A marginal 0.1% GDP contraction in 1Q19 is our base case, but chances of a flat reading have increased

The dichotomy between the manufacturing and the service sectors dynamics depicted above confirms that the soft patch puzzle of the Italian economy is yet unresolved. According to our calculations, the composite PMI for 1Q19 is still consistent with another marginal 0.1% QoQ contraction of GDP, which remains our base case. However, after the publication of the March 2019 services PMI release, chances of a flat reading have clearly gone up. Possible positive surprises with respect to our base case might come from an eventual normalisation of the inventory component (the main driver of the 4Q18 contraction) and, less likely, from private consumption. In fact, over the first quarter, households might have still benefited from a delayed impact on employment of the 2H18 economic slowdown, at a time when headline inflation is failing to pick up. This was partially confirmed by Istat employment data for January and February.
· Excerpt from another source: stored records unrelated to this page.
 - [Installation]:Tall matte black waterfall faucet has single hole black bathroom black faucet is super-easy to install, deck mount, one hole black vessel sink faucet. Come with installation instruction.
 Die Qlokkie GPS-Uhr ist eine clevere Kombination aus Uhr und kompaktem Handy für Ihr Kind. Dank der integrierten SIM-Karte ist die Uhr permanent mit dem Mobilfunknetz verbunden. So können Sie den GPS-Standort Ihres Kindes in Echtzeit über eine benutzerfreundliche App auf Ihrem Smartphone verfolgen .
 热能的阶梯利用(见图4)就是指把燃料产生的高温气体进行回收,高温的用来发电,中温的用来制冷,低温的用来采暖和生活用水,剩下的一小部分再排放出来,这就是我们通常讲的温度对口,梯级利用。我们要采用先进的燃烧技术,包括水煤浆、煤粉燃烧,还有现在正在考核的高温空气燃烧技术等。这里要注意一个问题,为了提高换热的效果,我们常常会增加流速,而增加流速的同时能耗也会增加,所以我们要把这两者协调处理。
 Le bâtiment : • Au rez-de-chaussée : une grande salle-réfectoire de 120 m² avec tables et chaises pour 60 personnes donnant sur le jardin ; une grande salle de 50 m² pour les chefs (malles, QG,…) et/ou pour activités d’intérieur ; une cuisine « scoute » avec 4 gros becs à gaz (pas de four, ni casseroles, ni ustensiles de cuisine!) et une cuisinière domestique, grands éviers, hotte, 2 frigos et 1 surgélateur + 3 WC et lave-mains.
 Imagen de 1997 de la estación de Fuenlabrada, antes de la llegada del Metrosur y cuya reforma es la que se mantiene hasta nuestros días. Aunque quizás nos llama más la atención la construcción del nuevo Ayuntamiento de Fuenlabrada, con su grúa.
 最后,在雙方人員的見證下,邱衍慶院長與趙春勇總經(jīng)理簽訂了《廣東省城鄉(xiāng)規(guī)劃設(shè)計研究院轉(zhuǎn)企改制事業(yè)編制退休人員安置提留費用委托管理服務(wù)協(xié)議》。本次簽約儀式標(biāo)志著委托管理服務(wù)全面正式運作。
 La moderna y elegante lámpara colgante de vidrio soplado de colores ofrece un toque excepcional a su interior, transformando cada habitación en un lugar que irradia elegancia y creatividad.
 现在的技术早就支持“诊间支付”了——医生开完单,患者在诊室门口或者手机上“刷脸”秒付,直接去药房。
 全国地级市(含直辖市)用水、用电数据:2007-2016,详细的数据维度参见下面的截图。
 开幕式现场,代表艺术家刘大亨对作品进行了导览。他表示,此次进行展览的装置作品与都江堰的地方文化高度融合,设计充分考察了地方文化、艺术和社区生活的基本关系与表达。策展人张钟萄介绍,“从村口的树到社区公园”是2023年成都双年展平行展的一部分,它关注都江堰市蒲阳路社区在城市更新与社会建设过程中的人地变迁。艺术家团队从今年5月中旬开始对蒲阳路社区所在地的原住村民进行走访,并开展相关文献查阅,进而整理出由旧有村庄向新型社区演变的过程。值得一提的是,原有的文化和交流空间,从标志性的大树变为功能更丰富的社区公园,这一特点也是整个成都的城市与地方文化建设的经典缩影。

Still in for a flat 2019, as the Italian government seems ready to launch investment-friendly new measures

Looking further ahead, we still anticipate that the implementation of the measures foreseen in the 2019 budget and, more relevantly, an improvement in the international geopolitical backdrop might help to restore a very mild growth path for the Italian economy. Possibly pressed by the upcoming European elections, the Italian government now seems more aware that a serious (lack of) growth issue is building. In order to add some growth boost, the government is preparing to launch a pro-investment decree, which might help to propel growth over 2H19.

All in all, we confirm our forecast for flat average GDP growth for 2019.